- _Goal of the exercise_
Provide again, from the entries below, every line from the one containing "Link til FAQ" through the one containing "vehicle at a", exactly as written, and no other line.

- _Input data_

Content starts

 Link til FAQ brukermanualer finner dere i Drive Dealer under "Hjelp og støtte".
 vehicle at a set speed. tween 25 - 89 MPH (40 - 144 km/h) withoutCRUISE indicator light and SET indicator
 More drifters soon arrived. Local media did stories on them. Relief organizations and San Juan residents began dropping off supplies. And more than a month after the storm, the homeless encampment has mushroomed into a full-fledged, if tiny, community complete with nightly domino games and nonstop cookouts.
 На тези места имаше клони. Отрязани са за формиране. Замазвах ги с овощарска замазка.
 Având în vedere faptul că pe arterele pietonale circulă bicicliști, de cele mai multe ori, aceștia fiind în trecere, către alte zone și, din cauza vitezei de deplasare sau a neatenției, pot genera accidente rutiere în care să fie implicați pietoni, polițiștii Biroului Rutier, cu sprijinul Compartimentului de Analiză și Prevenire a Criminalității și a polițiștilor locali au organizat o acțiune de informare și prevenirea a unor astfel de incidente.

Content ends
Content starts

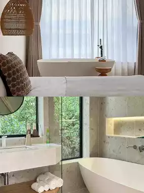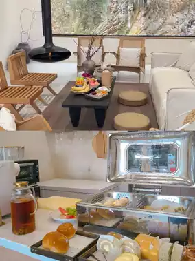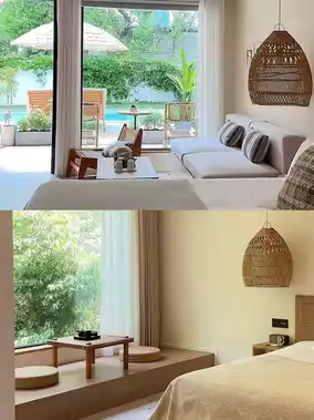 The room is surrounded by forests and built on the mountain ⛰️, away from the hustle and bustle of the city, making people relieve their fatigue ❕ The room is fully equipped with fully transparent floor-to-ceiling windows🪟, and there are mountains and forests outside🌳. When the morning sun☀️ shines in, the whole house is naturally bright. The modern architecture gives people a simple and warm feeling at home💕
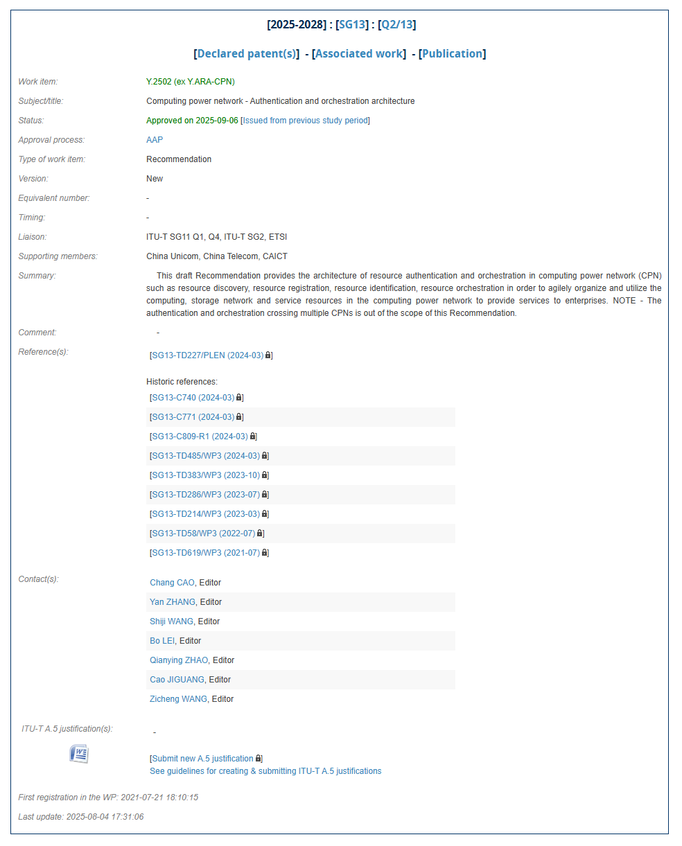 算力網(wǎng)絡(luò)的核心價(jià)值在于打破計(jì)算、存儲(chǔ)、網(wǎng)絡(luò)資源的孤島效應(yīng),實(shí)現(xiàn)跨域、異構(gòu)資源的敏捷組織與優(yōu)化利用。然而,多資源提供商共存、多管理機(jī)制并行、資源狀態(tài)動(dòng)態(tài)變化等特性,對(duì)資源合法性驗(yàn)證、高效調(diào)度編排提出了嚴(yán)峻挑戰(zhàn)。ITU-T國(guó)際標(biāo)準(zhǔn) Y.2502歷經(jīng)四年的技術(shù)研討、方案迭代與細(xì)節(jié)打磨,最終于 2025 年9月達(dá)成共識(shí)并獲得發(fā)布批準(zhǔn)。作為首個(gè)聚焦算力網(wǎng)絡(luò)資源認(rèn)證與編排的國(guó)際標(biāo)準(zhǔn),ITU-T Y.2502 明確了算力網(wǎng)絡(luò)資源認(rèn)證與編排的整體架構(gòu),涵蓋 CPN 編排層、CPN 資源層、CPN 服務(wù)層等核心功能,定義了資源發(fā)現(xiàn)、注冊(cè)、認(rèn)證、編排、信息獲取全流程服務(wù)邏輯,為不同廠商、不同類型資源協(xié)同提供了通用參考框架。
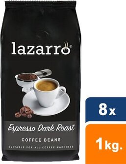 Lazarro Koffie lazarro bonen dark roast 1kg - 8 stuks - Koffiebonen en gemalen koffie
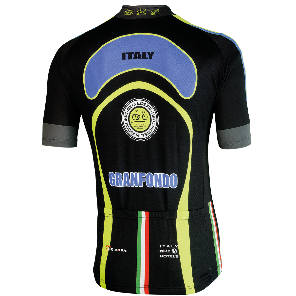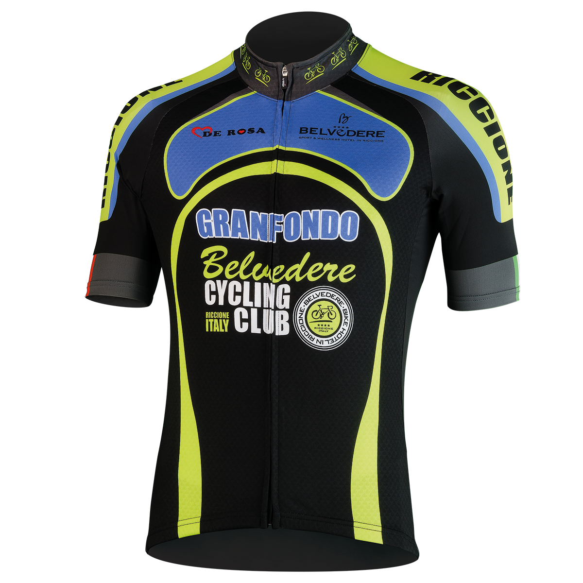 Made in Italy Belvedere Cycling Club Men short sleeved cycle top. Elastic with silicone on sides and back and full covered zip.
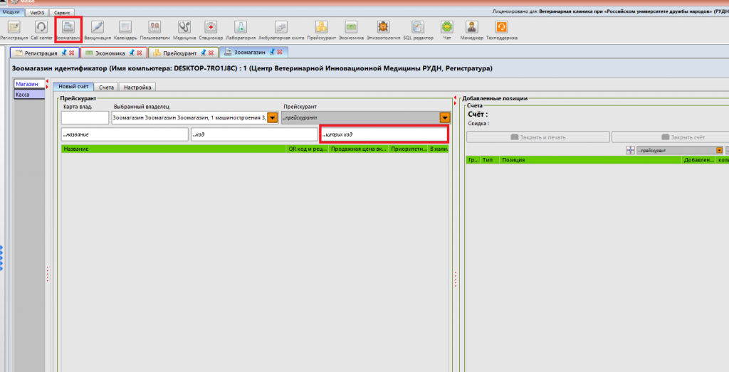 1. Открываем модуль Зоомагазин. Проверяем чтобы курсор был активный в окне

Content ends
Content starts

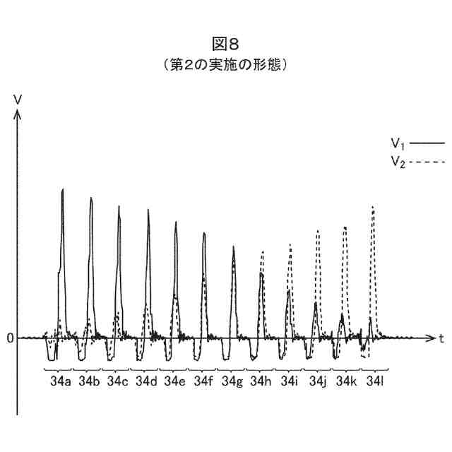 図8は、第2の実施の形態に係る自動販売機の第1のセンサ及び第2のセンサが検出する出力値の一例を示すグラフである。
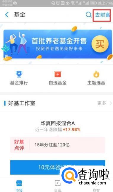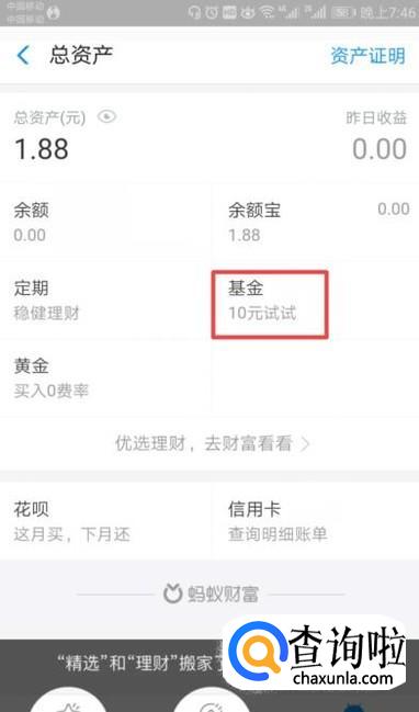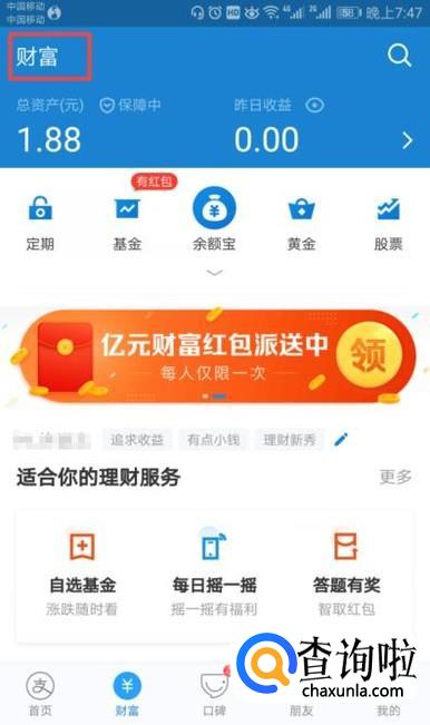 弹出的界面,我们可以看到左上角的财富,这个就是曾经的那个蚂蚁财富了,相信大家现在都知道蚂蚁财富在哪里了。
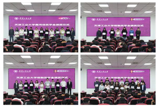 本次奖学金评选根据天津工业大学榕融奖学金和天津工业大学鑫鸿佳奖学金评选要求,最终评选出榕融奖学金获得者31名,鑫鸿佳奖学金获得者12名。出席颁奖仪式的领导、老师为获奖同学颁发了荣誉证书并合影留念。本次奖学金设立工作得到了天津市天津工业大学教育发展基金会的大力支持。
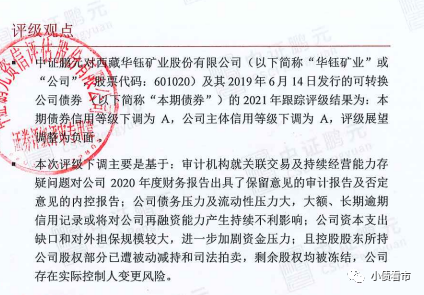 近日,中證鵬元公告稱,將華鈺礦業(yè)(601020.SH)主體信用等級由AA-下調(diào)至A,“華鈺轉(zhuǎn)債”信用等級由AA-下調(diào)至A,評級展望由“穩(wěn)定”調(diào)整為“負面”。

Content ends

- _Task output_
 Link til FAQ brukermanualer finner dere i Drive Dealer under "Hjelp og støtte".
 vehicle at a set speed. tween 25 - 89 MPH (40 - 144 km/h) withoutCRUISE indicator light and SET indicator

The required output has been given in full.